Collected data entries
******

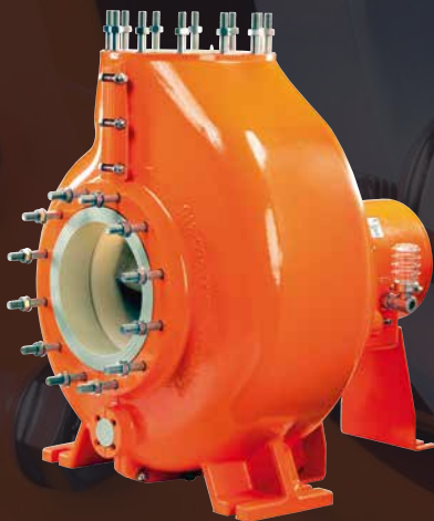
MUNSCH NPC 300-250-315: Gepanzerte Pumpe mit Gleitringdichtung; Förderstrom bis 1200 m 3 /h; Förderhöhe bis 30 m

Haupt-Pumpenmaterialien: PP / PE-UHMW / PVDF
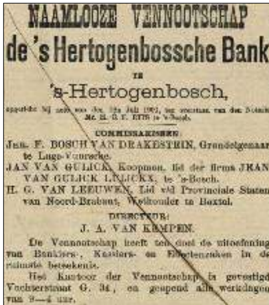
Afb. 2: Krantenadvertentie d. d. 27 juli 1900.

firma Joh. F. van Rijckevorsel & Zonen om. En trouwe lezers van de Hertogpost herinneren zich vast nog het schandelijke faillissement van de Hanzebank in 1923. Maar van De 's-Hertogenbossche Bank is in het standaardwerk Bankieren in Brabant in de loop der eeuwen (1987, red. Van den Eerenbeemt) zelfs de naam niet te vinden.
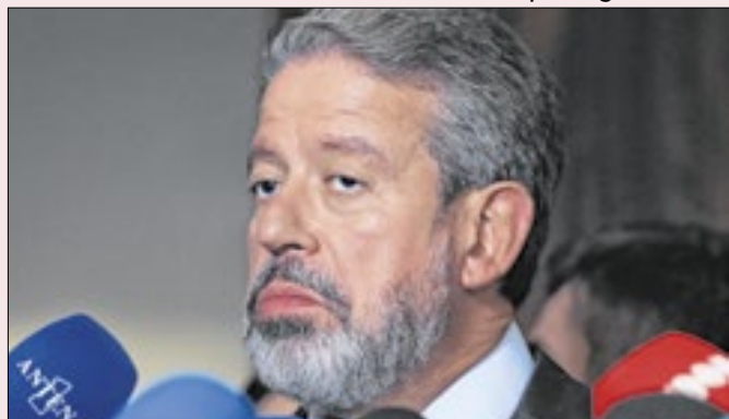
Repercutiu mal a ideia de Lira num ministério
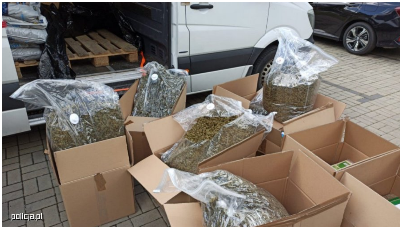
Narkotyki zatrzymane przez polskich policjantów po przekroczeniu granicy z Czechami, 2020 r.

Przestępcy znacząco ograniczają w ten sposób np. możliwość przyłapania ich przy przekazywaniu narkotyków, bowiem transakcje są "dogadywane" np. poprzez szyfrowane komunikatory, a opłata następuje za pomocą kryptowalut. Ostatecznie odbiór narkotyków odbywa się z zastosowaniem swoistych martwych skrzynek, gdzie w specjalnym kontenerze ukrywane są narkotyki. Należy podkreślić, że współcześnie narkobiznes nie tylko zatruwa w rzeczywistym świecie życie ludzi, ale również w coraz większym stopniu wkracza do domeny cyber. Tym samym, stwarzając całkiem nowe potrzeby w zakresie inwestycji w technologię, która jest lub powinna być na wyposażeniu służb antynarkotykowych w poszczególnych państwach UE.
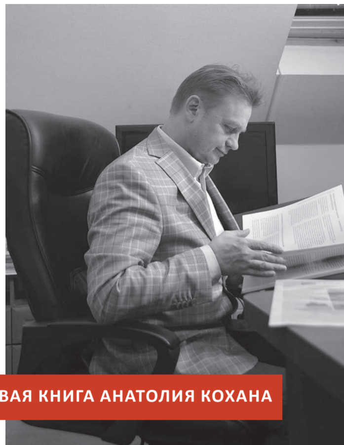
НОВАЯ КНИГА АНАТОЛИЯ КОХАНА
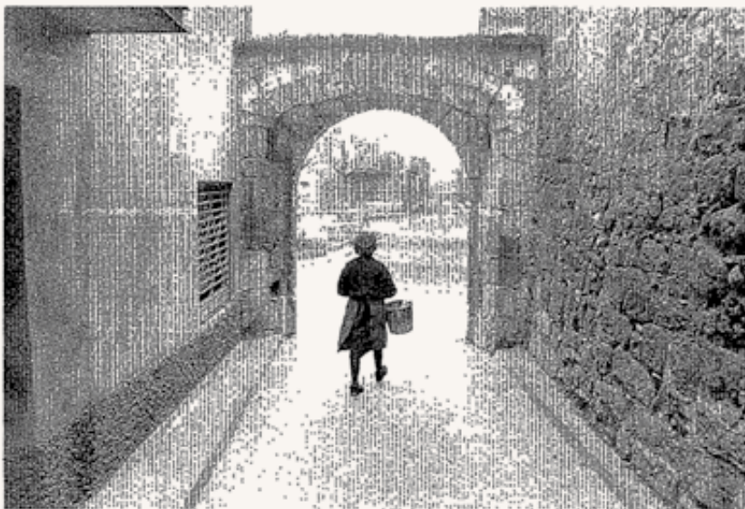
Una vecina de Tiurana pasea por una de las estrechas y solitarias calles del pueblo

Las fuentes oficiales de la confederación son tajantes. El miércoles y el jueves, el plazo para abandonar casas y haciendas habrá concluido,
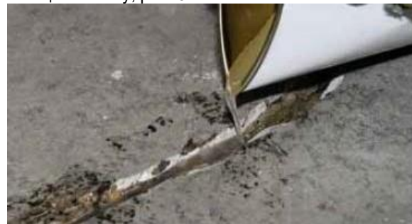
Рисунок 5. Заливка MasterInject 1360 непосредственно в V-образную штрабу на трещине

Начинайте нанесение сразу, как только материал будет готов после надлежащего смешения. Это – обязательное условие для обеспечения возможности более длительного времени жизни с целью обеспечения лучшего проникновения. Залейте смешанный состав MasterInject 1360 в V-образную штрабу на месте трещины. Дайте смоле проникнуть в трещину и продолжайте заполнять трещины до тех пор, пока они больше не смогут вмещать смолу, рис. 5.
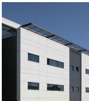
Bâtiment : Dynamia Architecte : Philippe COGMARD

Le revêtement Hairclyn est disponible en option sur de nombreux coloris du nuancier « Colorissime » d'Arval tout en conservant les propriétés techniques de chacun des revêtements organiques. Hairclyn est proposé dans des gammes de revêtements classiques HAIRPLUS ou d'exception telles que :
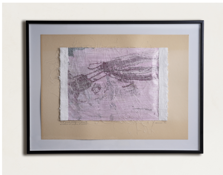
5. Luciano Caruso, La via della seta: e di questo luogo si puote andare al mare d'India , 1994, tempera, china e filo di seta su plastica, 68x48,5 cm.

precisi significati simbolici, magici ed esoterici e possiede la capacità di citare se stessa, ovvero l'alterità, l'esoticità e i racconti che anima, ponendosi come un invito alla scoperta dell'Oriente. 42 Al contempo il filo, chiarisce Gio Ferri, «non è solo metafora del viaggio, del suo contorto progetto interiore, bensì è, essenzialmente, metafora di sé come linea», 43 una linea in quanto origine e matrice di ogni scrittura, «cosicché il viaggio medesimo, che ricomincia sempre da capo (da un capo all'altro del filo) è quello stesso segno primitivo che il viaggiatore va cercando» 44 convinto che la meta stessa sia il percorso e non la sua destinazione finale. Lo stesso filamento è protagonista de La via della seta. E di questo luogo si puote andar al mare d'India (1994) [fig. 5] dove, disteso sulla superficie dell'opera, traccia percorsi di rotte marittime, proprio come il medesimo di spago impiegato in La via della seta: Cianghi ch'è molto grande e bella, e hae molte cose come l'altre (1994) e La via della seta – della città d'Escier (1999).
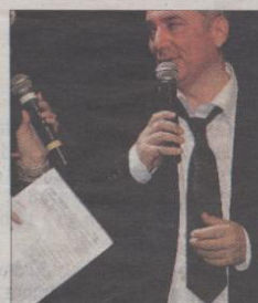
Un public enjoué. Un président satisfait.
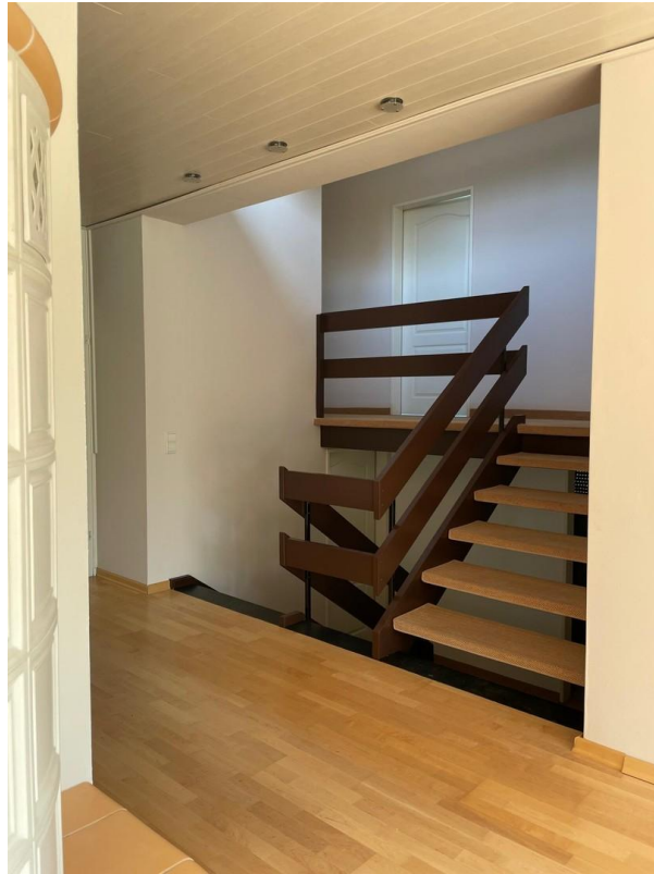
Übergang Wohnzimmer 1.OG
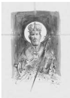
Sveti Petar Čudotvorac Cetinjski (rad Dimitrija Popovića, 2000.g.)

I ove godine, šesnaesti put po redu, Crnogorke i Crnogorci te prijatelji Crne Gore iz svih krajeva Hrvatske, kao i gosti iz Crne Gore i ostalih susjednih država okupili su se da jošjednim Lučindanskim susretima obilježe sjećanje na Petra I Petrovića Njegoša, gospodara Crne Gore i vladiku crnogorskog.
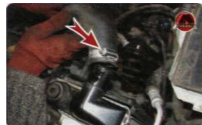
9. Ослабить хомут и отсоединить шланг охлаждающей жидкости от термостата.
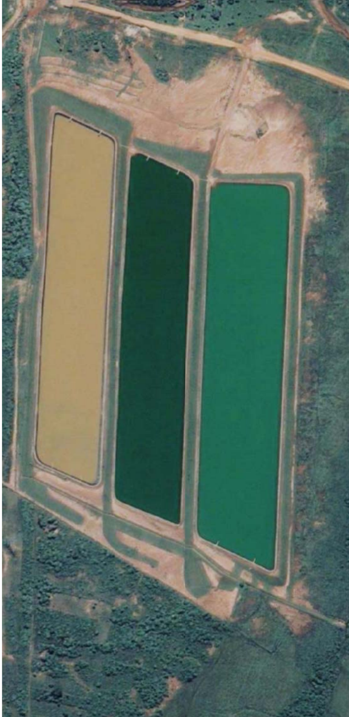
Lagunas de tratamiento, vista aérea
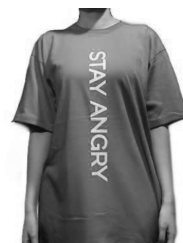
STAY ANGRY → 怒り続けよう
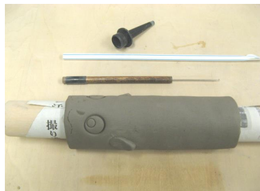
④身近にあるストローで押ししたり、針でひっかいたりして目、鼻、ひげを描き、ひれもつけます。その後、新聞紙ごと抜きます。
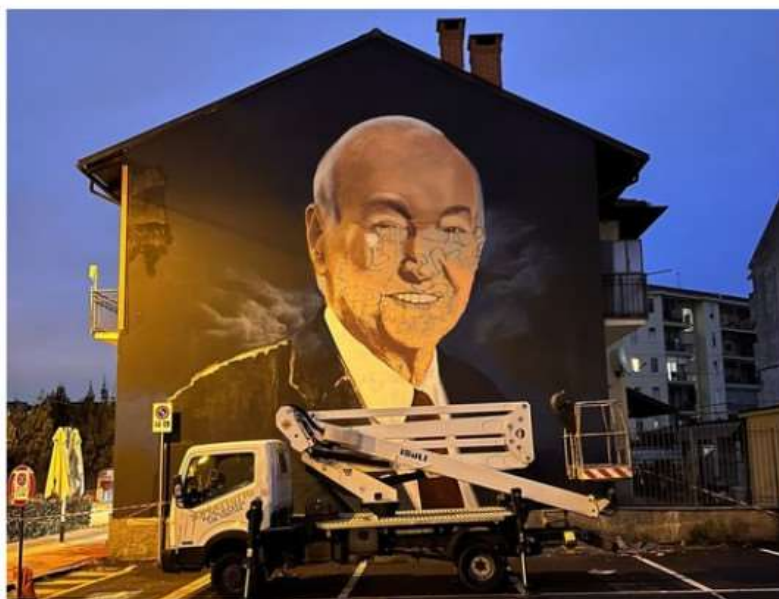
Nichelino omaggia la memoria di Piero Angela con un enorme murales in via Torino

Con il noto divulgatore scientifico, scomparso lo scorso agosto, prende il via il secondo capitolo del progetto di riqualificazione urbana Nichelino Lights Up
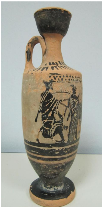
Εικόνα 73: Λήκυθος ΜΑΙΤ 9173, αρ. κατ. 20, πλάγια όψη.
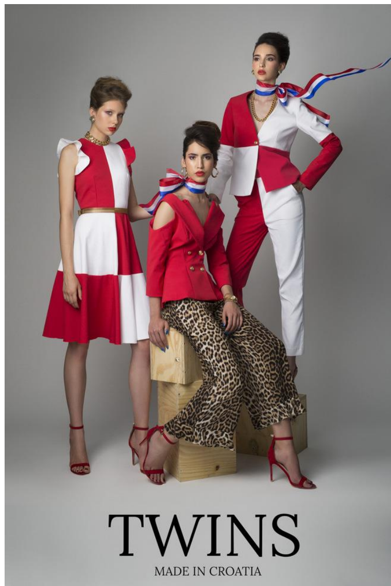
Sl. 10. Twins kampanja za kolekciju Hrvatska Dijaspora, proljeće/ljeto 2017. god.

Twinsi su jedini brend u hrvatskoj koji se posvetio tematici koja progovara o današnjem stanju prostora i vremena u kojem živimo. Kritički se obraćaju publici koja promatra njihove kolekcije koje svojom inspiracijom, glazbom i dizajnom progovaraju o relevantnim društveno-političkim temama svakodnevnice danas kao što su kolekcije o: propadanju i gubitku Slavenskog sela kolekcija ( proljeće/ljeto 2016.), zatim kolekcija posvećen starom gradu Zagrebu (jesen/zima 2016.-2017.), ili kolekcija pod nazivom “Hrvatska Dijaspora“ za ( proljeće/ljeto 2017.) inspirirana sve većim brojem iseljavanja mladih ljudi iz cijele Hrvatske, a najviše iz Slavonije. Cilj Twins kolekcija je prikazati kako modni dizajn može djelovati aktivistički te osvijestiti i educirati publiku o bitnim problemima današnjice u Hrvatskoj na kreativan način.
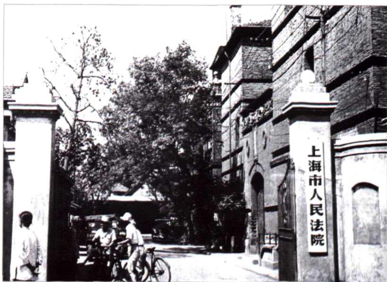
座落在浙江北路191号的上海市人民法院原址(1949年)。
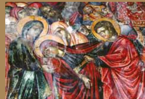
Εἰκ.32 Τοιχογραφία, Ἱερός Ναὸς Ἁγίας Παρασκευῆς, Γεροσκήπου.
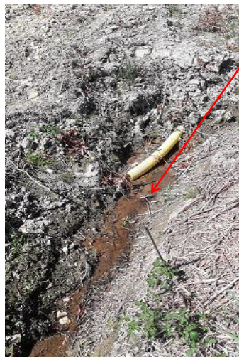
Localisation et vues des sources du ru de la Mohardière

******

=== ASSIGNMENT ===
Can you quote exactly, and only, the lines from the one containing "Εἰκ.32 Τοιχογραφία, Ἱερός" through the last line of the records above, keeping both ends and leaving out any pictures?

=== THE ANSWER ===
Εἰκ.32 Τοιχογραφία, Ἱερός Ναὸς Ἁγίας Παρασκευῆς, Γεροσκήπου.
Localisation et vues des sources du ru de la Mohardière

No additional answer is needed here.